For TIC due to atrial fibrillation, rate control, rhythm control, and RF catheter ablation can be effective to control the tachyarrhythmia and improve left ventricular systolic function. For TIC due to atrial flutter, rate control is often difficult to achieve, and RF catheter ablation has a relatively high success rate with a low risk of complications. In patients with TIC due to other types of SVT, RF catheter ablation is recommended as a first-line treatment. In patients with TIC due to VT or PVCs, both antiarrhythmics and RF catheter ablation can be used. However, the options for antiarrhythmic agents are limited because certain agents can be proarrhythmic in the setting of myocardial dysfunction in TIC. Therefore, RF catheter ablation is often a safe and effective choice for treatment VT and PVCs causing TIC. In cases where other treatment strategies fail, AV node ablation with permanent pacemaker implantation can also be used to treat the tachyarrhythmia.

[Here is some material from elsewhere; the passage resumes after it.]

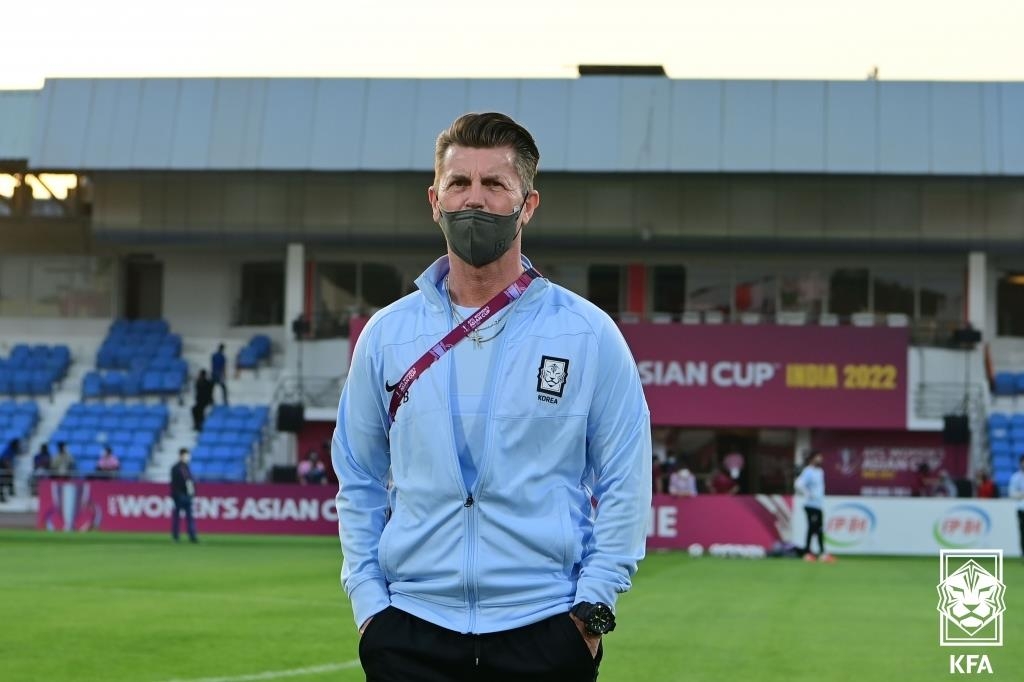 | ▲ South Korea head coach Colin Bell waits for the start of his team's Group C match against Vietnam at the Asian Football Confederation Women's Asian Cup at Shree Shiv Chhatrapati Sports Complex in Pune, India, on Jan. 21, 2022, in this photo provided by the Korea Football Association. (PHOTO NOT FOR SALE) (Yonhap) |

The treatment of heart failure commonly involves neurohormonal blockade with beta-blockers and angiotensin convertase inhibitors (ACEIs) or angiotensin II receptor blockers (ARBs) along with symptomatic management with diuretics. Beta-blockers and ACE inhibitors can inhibit and potentially reverse the negative cardiac remodeling, which refers to structural changes in the heart, that occurs in TIC. However, the need to continue these agents after treatment of the tacharrhythmia and resolution of left ventricular systolic dysfunction remains controversial.

== Prognosis ==
The prognosis for TIC after treatment of the underlying tachyarrhythmia is generally good. Studies show that left ventricular function often improves within 1 month of treatment of the tachyarrhythmia, and normalization of the left ventricular ejection fraction occurs in the majority of patients by 3 to 4 months. In some patients however, recovery of this function can take greater than 1 year or be incomplete. In addition, despite improvement in the left ventricular ejection fraction, studies have demonstrated that patients with prior TIC continue to demonstrate signs of negative cardiac remodeling including increased left ventricular end-systolic dimension, end-systolic volume, and end-diastolic volume. Additionally, recurrence of the tachyarrhythmia in patients with a history of TIC has been associated with a rapid decline in left ventricular ejection fraction and more severe cardiomyopathy that their prior presentation, which may be a result of the negative cardiac remodeling. There have also been cases of sudden death in patients with a history of TIC, which may be associated with worse baseline left ventricular dysfunction. Given these risks, routine monitoring with clinic visits, ECG, and echocardiography is recommended.

== Epidemiology ==
The true incidence of TIC is unclear. Some studies have noted the incidence of TIC in adults with irregular heart rhythms to range from 8% to 34%. Other studies of patients with atrial fibrillation and left ventricular dysfunction estimate that 25–50% of these study participants have some degree of TIC. TIC has been reported in all age groups.